2) Each fragment is queried locally, and the result is returned to the local ordered priority queue.
3) The results of step 2 are sent to the coordination node, which produces a global sorted list.

The purpose of the FETCH phase is to fetch data. The routing node retrieves all documents and returns them to the client.

How to optimize Linux Settings for Elasticsearch deployment

Interviewer: I want to know the operation and maintenance capability of ES cluster. Answer:

1) Disable cache swap;
2) The heap memory is set to Min (node memory /2, 32GB);
3) Set the maximum number of file handles;
4) Adjust thread pool + queue size according to business needs;
5) Disk storage RAID mode — Raid 10 is used to improve the performance of a single node and avoid the failure of a single node storage.
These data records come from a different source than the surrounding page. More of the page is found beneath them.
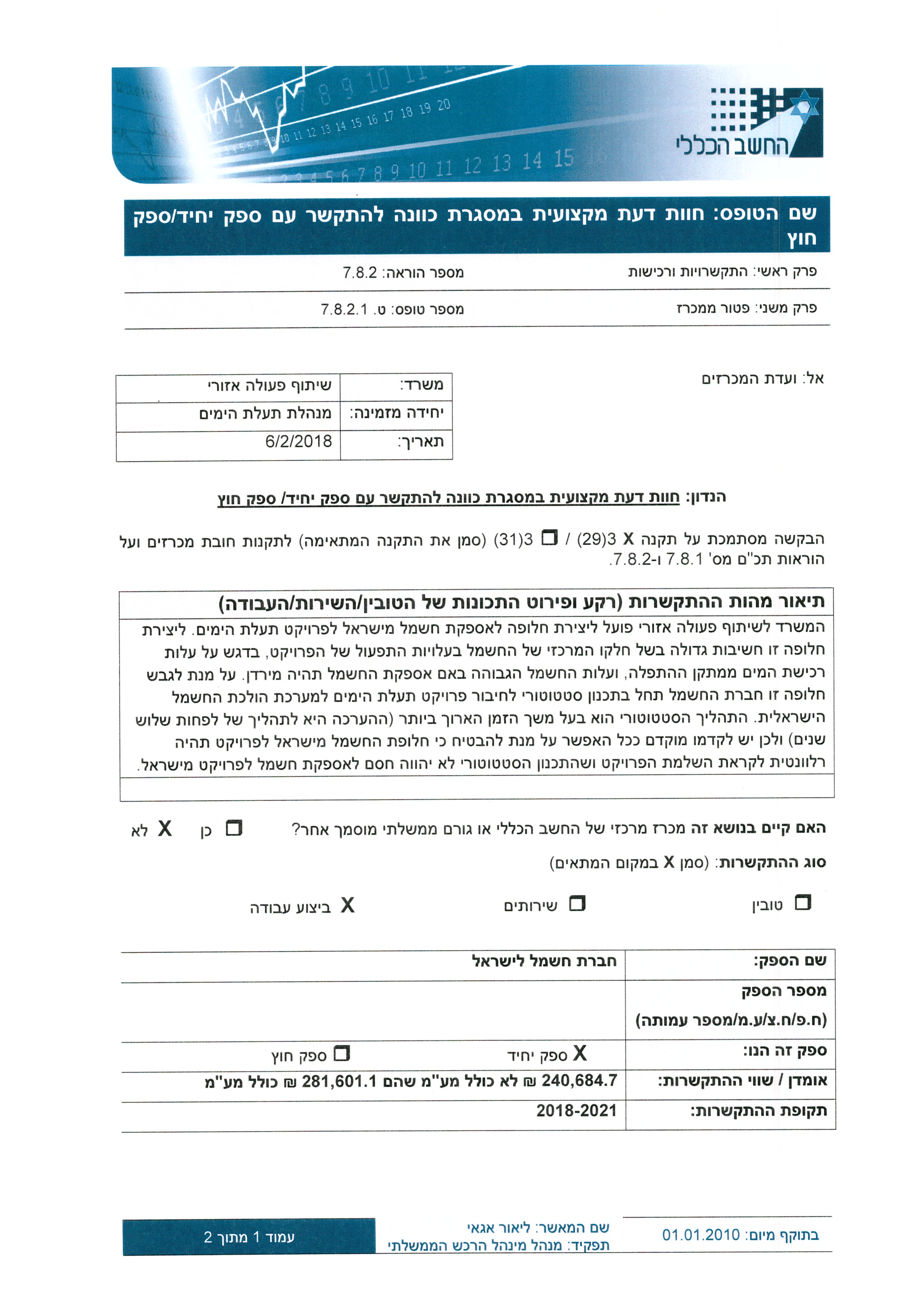 תכנון סטטוטורי לחיבור פרויקט תעלת הימים למערכת הולכת החשמל הישראלית
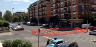 Fiumicino, auto sprofonda in una voragine
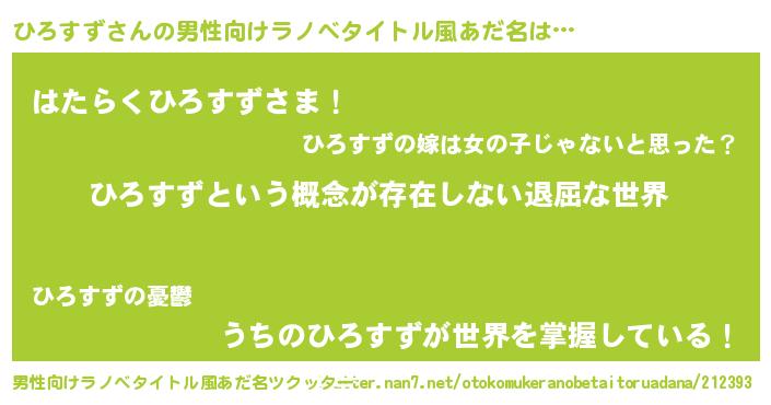 | ヒーロー風カッコイイあだ名 | 『ネオヒロスズ』『暗黒騎士ヒロ』 |
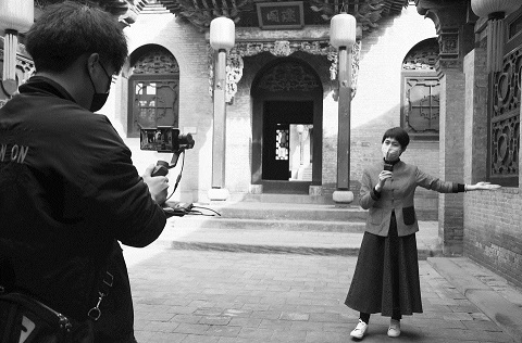 喬家大院景區(qū)導(dǎo)游化身為網(wǎng)絡(luò)主播,帶領(lǐng)觀眾在線探訪喬家大院百年歷史。本報記者 栗美霞 攝
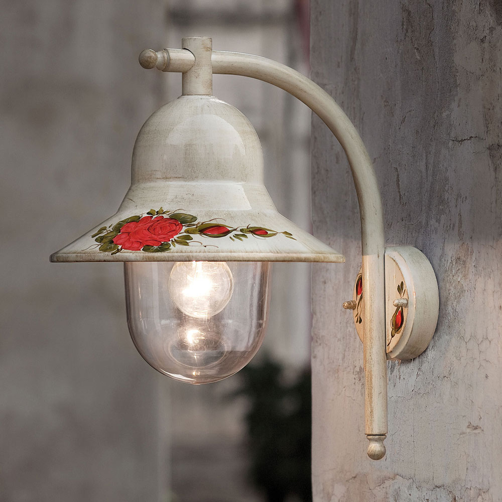 Denna trädgårdsvägglampa är helt gjord av skuggad vit aluminium och dekorerad med handmålade blommor för en klassisk och harmonisk stil mellan form och färger.
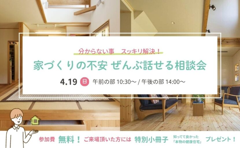4/19(日) 分からない事、スッキリ解決!【家づくりの不安 ぜんぶ話せる相談会】
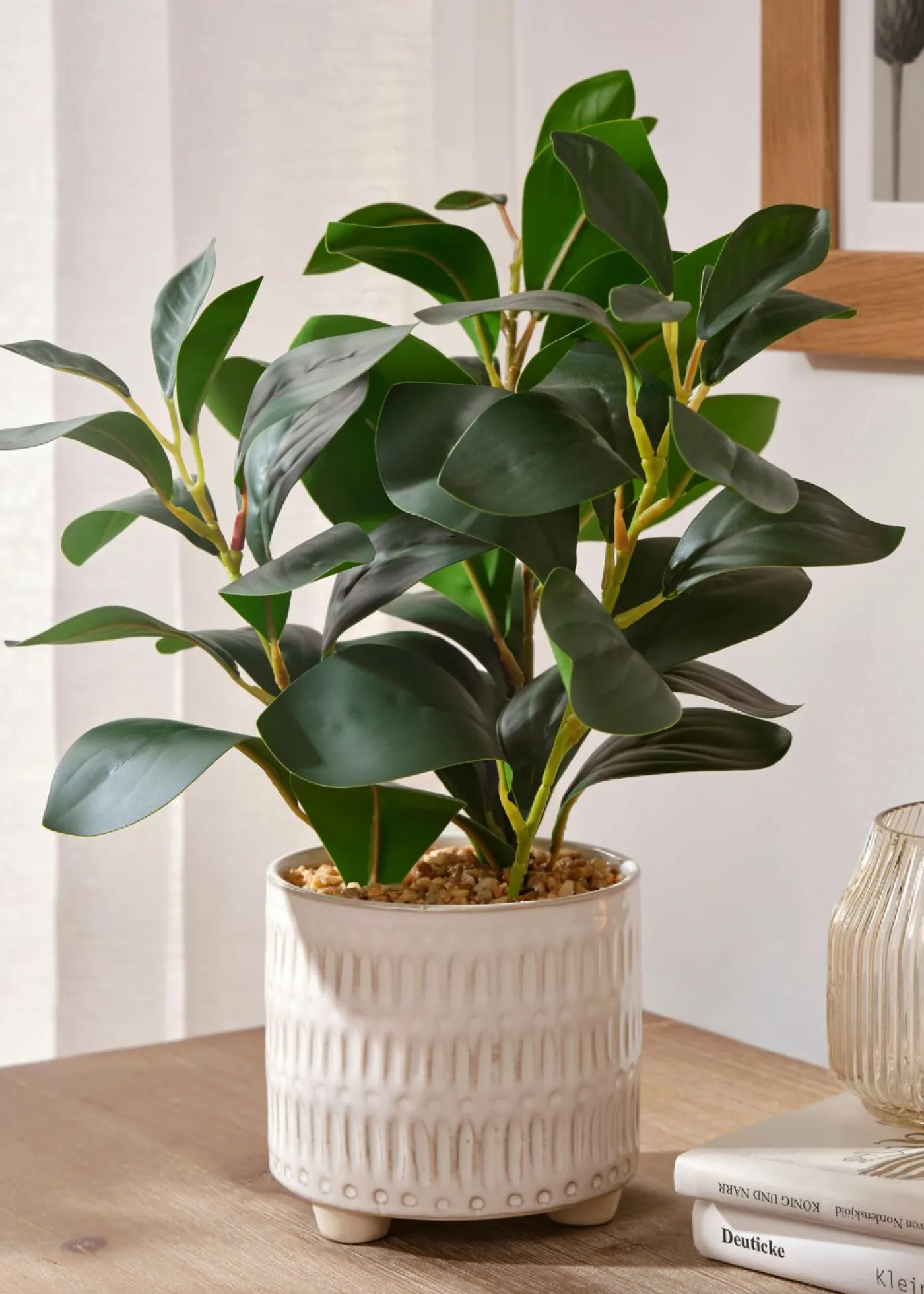 Planta artificial de hoja perenne, especialmente duradera y fácil de cuidar. Decoración siempre verde y fácil de cuidar. Fiel a la naturaleza. Especialmente adecuada para habitaciones con poca luz natural, como el cuarto de baño. La entrega incluye la maceta.

8. What is the internal structure of Lucence?

Interviewer: I want to know the breadth and depth of your knowledge. Answer:

Lucene is an index and search process, including index creation, index, and search. You can build on that a little bit.

summary

After seeing the title, I feel familiar and strange. To really speak up in the interview, it takes a lot of work and deep understanding. To verify the relative accuracy of my answers, I scoured the source code, official documentation and some in-depth blog posts. There is still a long way to go for Elasticsearch, there is no other option but to die!

Reference: Read the original article to check.